> Goal of the exercise: Transcribe word for word the section of the records below that opens with the line containing "Os cavalos que" and closes with the line containing "Définition de l’Académie"; drop every picture.

> Task data:

☆ ☆ ☆ ☆ ☆ ☆ ☆

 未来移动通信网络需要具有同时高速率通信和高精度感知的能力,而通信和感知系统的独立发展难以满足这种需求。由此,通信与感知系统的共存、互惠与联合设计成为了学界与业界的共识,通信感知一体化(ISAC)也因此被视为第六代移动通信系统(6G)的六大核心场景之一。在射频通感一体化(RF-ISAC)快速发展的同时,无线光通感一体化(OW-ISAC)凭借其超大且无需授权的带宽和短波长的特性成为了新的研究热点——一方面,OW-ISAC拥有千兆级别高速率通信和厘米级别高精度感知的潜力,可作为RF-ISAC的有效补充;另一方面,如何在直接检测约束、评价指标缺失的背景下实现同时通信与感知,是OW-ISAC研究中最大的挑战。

☆ ☆ ☆ ☆ ☆ ☆ ☆

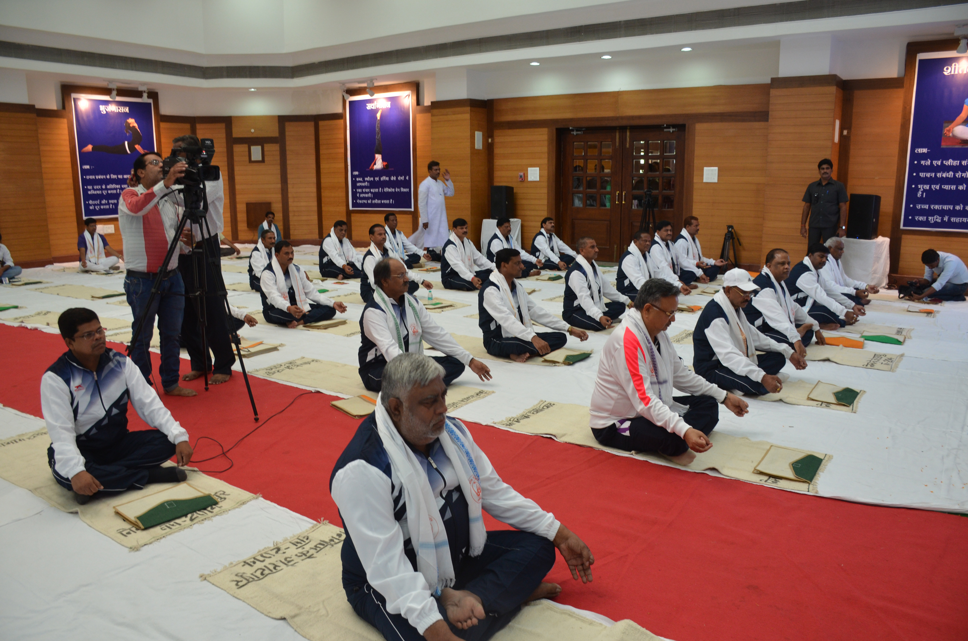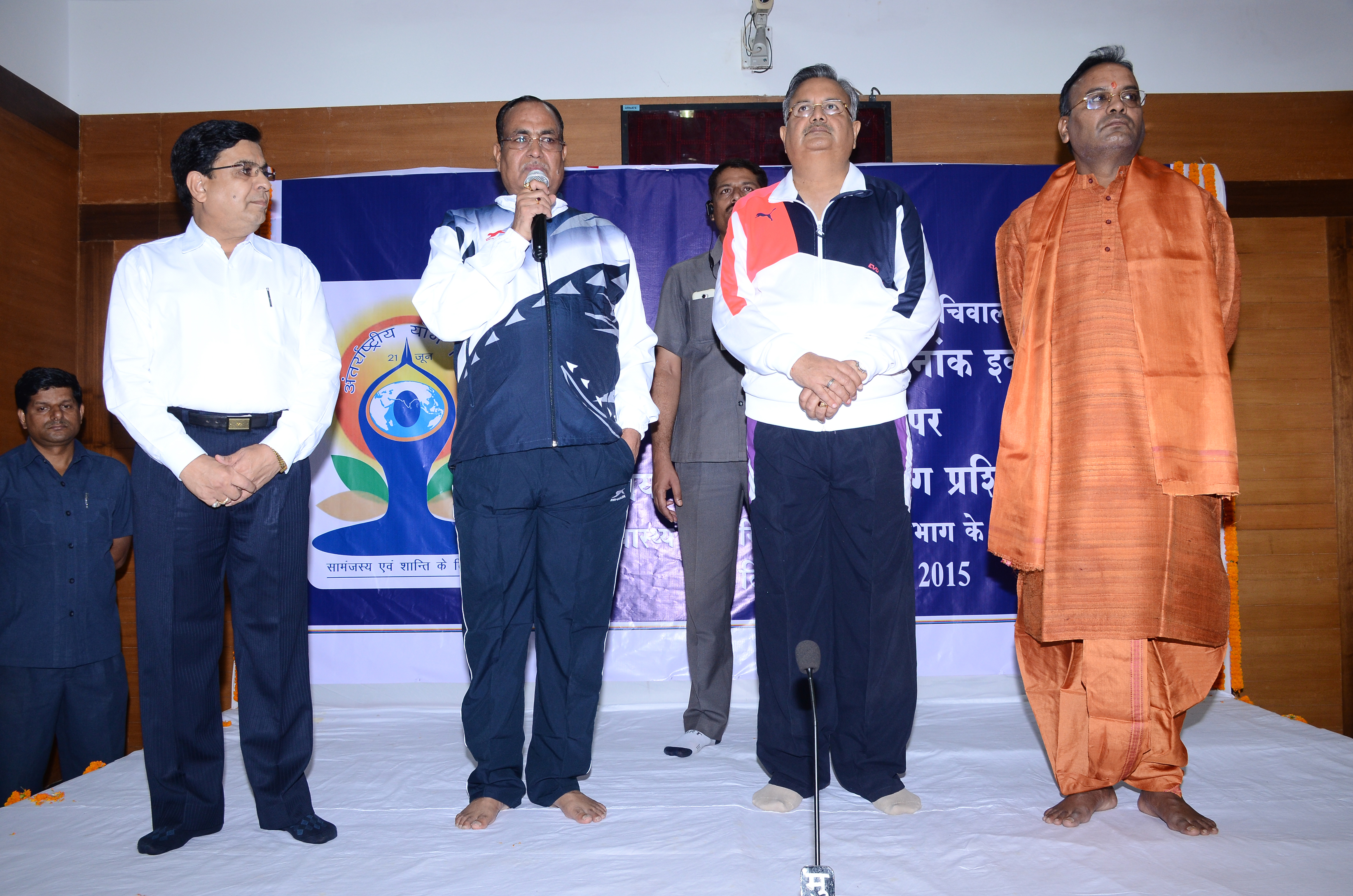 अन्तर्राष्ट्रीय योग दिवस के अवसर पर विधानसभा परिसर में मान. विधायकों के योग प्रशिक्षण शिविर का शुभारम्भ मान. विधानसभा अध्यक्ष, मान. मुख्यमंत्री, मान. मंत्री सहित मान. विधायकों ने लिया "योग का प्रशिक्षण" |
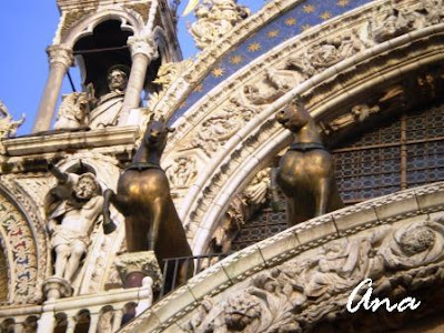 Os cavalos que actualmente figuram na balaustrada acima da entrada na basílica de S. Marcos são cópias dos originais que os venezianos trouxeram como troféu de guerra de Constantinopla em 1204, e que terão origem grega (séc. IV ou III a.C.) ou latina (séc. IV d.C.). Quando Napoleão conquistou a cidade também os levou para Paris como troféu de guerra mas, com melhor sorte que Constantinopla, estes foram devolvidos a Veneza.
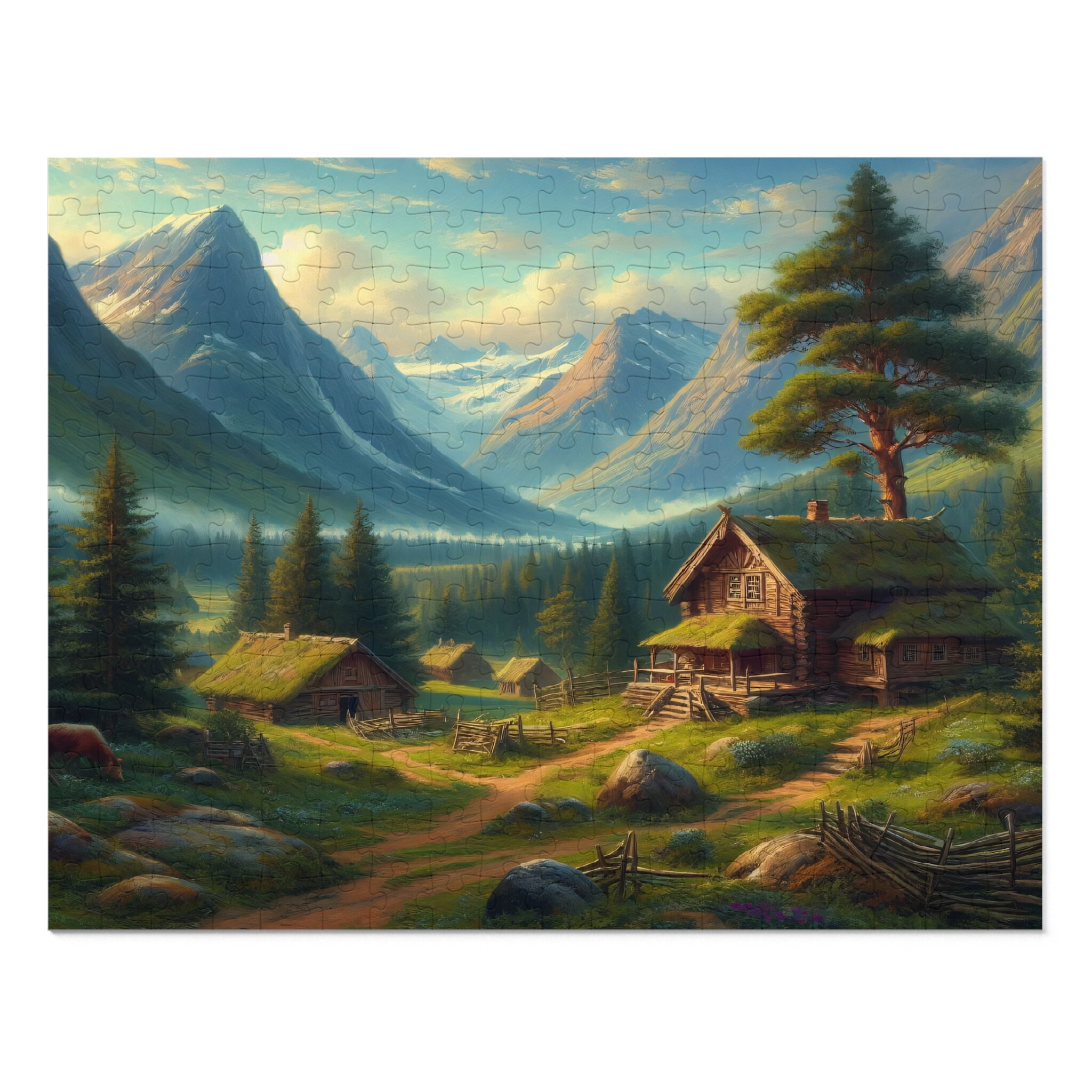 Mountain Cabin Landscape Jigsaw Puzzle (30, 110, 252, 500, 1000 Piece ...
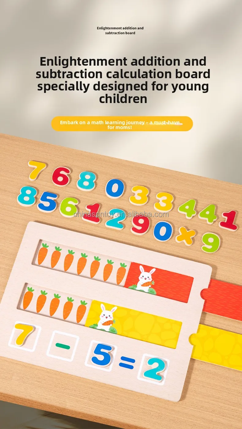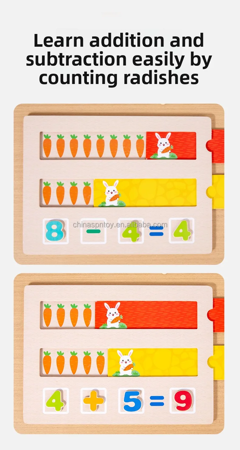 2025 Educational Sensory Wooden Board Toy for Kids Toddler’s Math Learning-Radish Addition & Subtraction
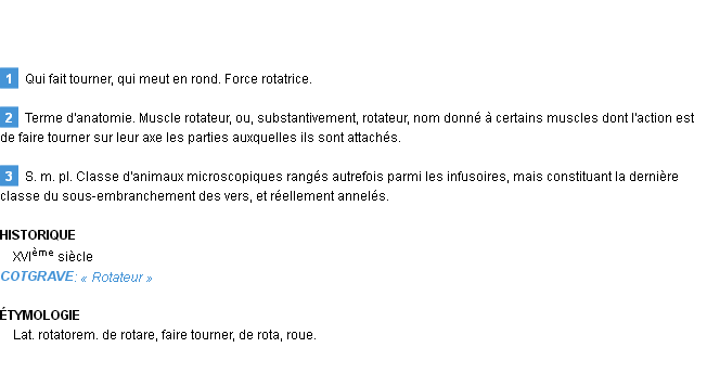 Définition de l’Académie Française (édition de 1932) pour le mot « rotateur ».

☆ ☆ ☆ ☆ ☆ ☆ ☆

> Exercise response:
 Os cavalos que actualmente figuram na balaustrada acima da entrada na basílica de S. Marcos são cópias dos originais que os venezianos trouxeram como troféu de guerra de Constantinopla em 1204, e que terão origem grega (séc. IV ou III a.C.) ou latina (séc. IV d.C.). Quando Napoleão conquistou a cidade também os levou para Paris como troféu de guerra mas, com melhor sorte que Constantinopla, estes foram devolvidos a Veneza.
 Mountain Cabin Landscape Jigsaw Puzzle (30, 110, 252, 500, 1000 Piece ...
 2025 Educational Sensory Wooden Board Toy for Kids Toddler’s Math Learning-Radish Addition & Subtraction
 Définition de l’Académie Française (édition de 1932) pour le mot « rotateur ».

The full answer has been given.